- Started by reviewing how fast were the already covered sorting algorithms i.e. Merge,Insertion,Quick and Heap Sort(which is not covered in the lectures but wikipedia has good information on it )
- Discussed what is a computation model
- Comparison sorting model - All sorts which use comparison operators for sorting
- What is a decision tree model
- How we can represent sorting algorithms based on comparison in decision tree model
- Proof using decision tree model that all comparison sorts have a lower bound of at least n*lg(n).

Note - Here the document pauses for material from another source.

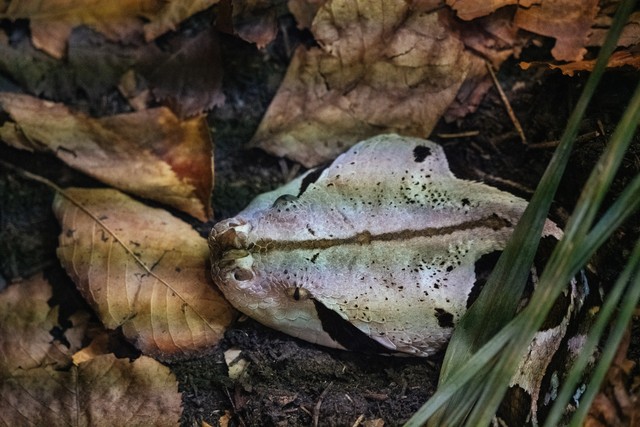 加蓬蝰蛇,又称加蓬咝蝰,伪装在落叶之中

- Merge sort, Heap Sort and Randomized QuickSort are asymptotically optimal comparison model sorting algorithms
- Counting Sort for sorting in linear time - O(n+k) where n is input size and k is the number of distinct elements in the input
- limitations of Counting sort i.e k needs to be fairly small else it will need very large storage space for keeping the counter array
- What is a Stable sorting algorithm - keeps the relative position of equal elements in output same as in input array
- Radix sort
- Run time analysis of Radix sort and also how to optimally break the input integer into digits i.e O(n) and r =lg(n)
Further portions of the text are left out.